This essay aims to explain the theory of internalisation which has already been established in
the introduction. Secondly, it will evaluate the extent to which internalisation theory explains
why firms expand abroad with reference to the various mode of expansion, and finally,
highlight the criticism of the internalisation theory.
Wholly Owned Subsidiaries
Rugman and Verbeke (2008) specifies that MNE seeking to expand internationally do so
when the benefits of internalisation (in terms of deploying, developing, exploiting, and
enhancing firm specific advantage) outweighs the cost of doing business internationally, and
the resulting benefits are higher than those associated with alternative mode of entries
(licensing or joint ventures).
Information and knowledge are very crucial tools that enhance firms. Williams (1997)
suggest that by creating an across borders internal market for information and knowledge,
MNEs are able to recoup the cost of information, knowledge generation and reduce
asymmetric information. A good example illustrated by Rugman (1975) if asymmetric
information exist, where the MNE’s knowledge of the product is higher than that of the
buyer, it may be problematic for the MNE to persuade the buyer of the product of the price.

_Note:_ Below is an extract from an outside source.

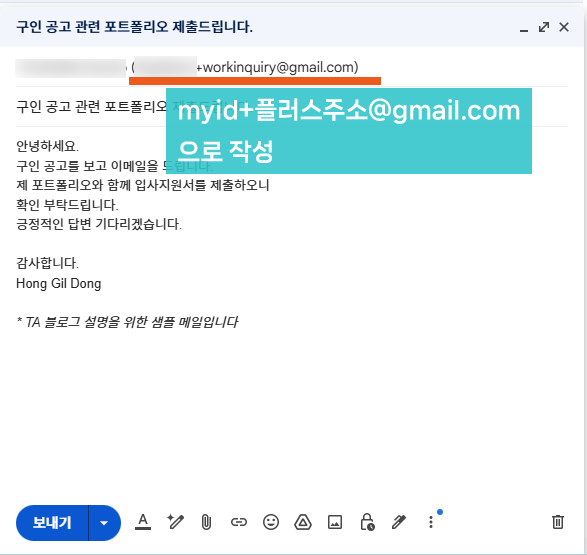 받는사람 영역에 <내 이메일 주소명+플러스 네이밍@gmail.com>로 입력해서 완성하고,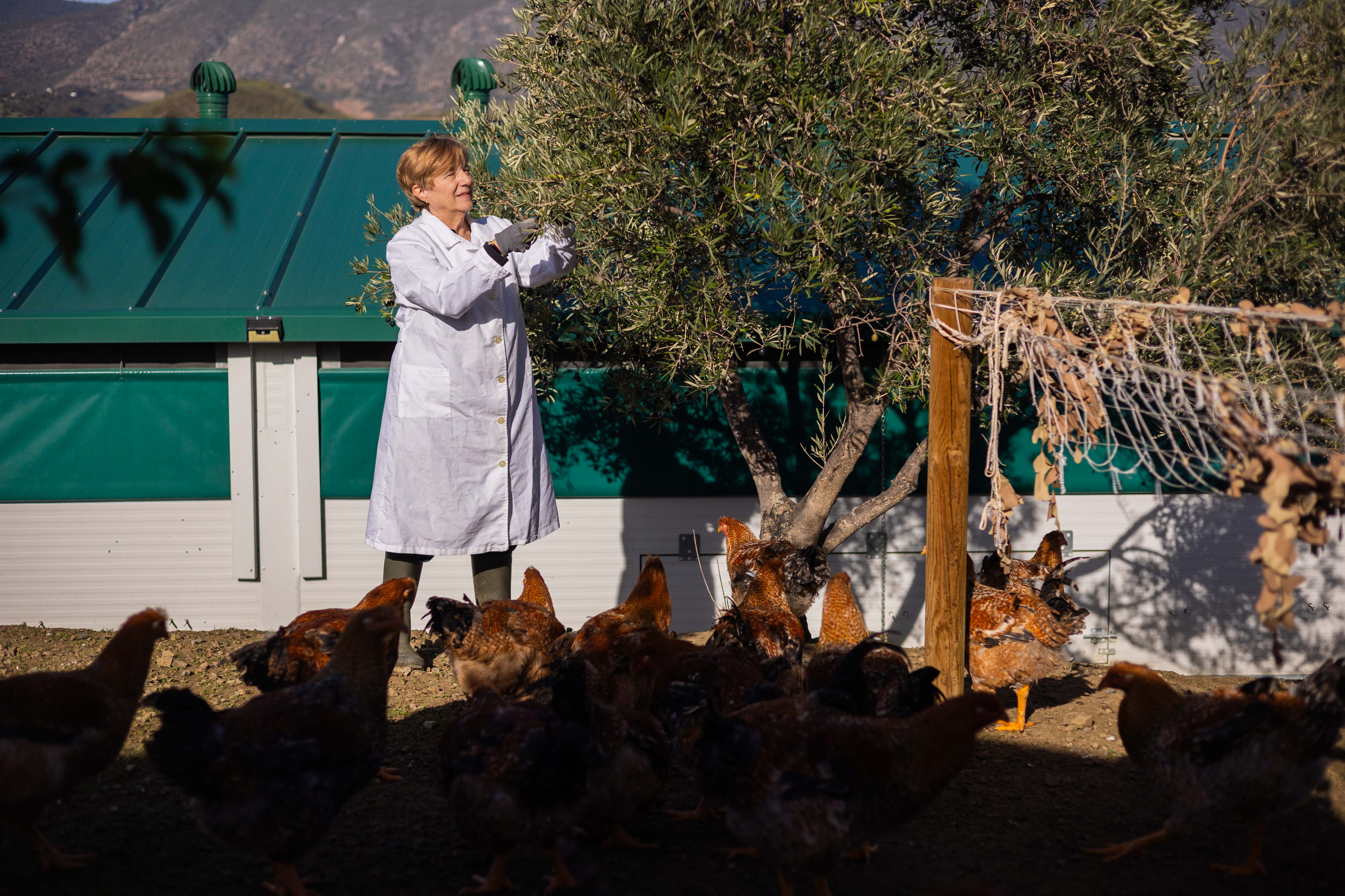 Antes de ese último momento, crecen en libertad en la finca serrana con 4,6 hectáreas, de las que dos están consagradas a las aves. Su alimentación es tan natural que la gerente les echa a diario aceitunas negras de los olivos de la zona. “Mira, mira”, avisa mientras los gallos gigantes acuden al lanzamiento. Las pelan con el pico en milésimas. Primero se comen la carne y luego, también, el hueso.

The MNE resolves this my setting up a wholly owned subsidiary in competition to the buyer.
In addition to this, the creation of an internal market enables MNE to retain control of the
product, and prevents dissipation as well as exploitation of its information advantage. In fact
Buckley and Casson (1991) suggest that “the market for information and knowledge is an
incentive for MNE to organise and internal market”.
Rugman and Verbeke (2008) suggest that it is advantageous for MNE that enter through
wholly owned subsidiaries achieve this in a regional basis a good example being Walmart in
North America. This is reason is due to the cultural distance and adaptation cost companies
face through internalisation. In line with this, Zaheer (1995) and Hymer (1976) indicate that
firms that partake in this mode of entry face a higher adaptation cost as a result of cultural,
institutional, taxation and government legislation difference. Arora and Fosfuri (1999)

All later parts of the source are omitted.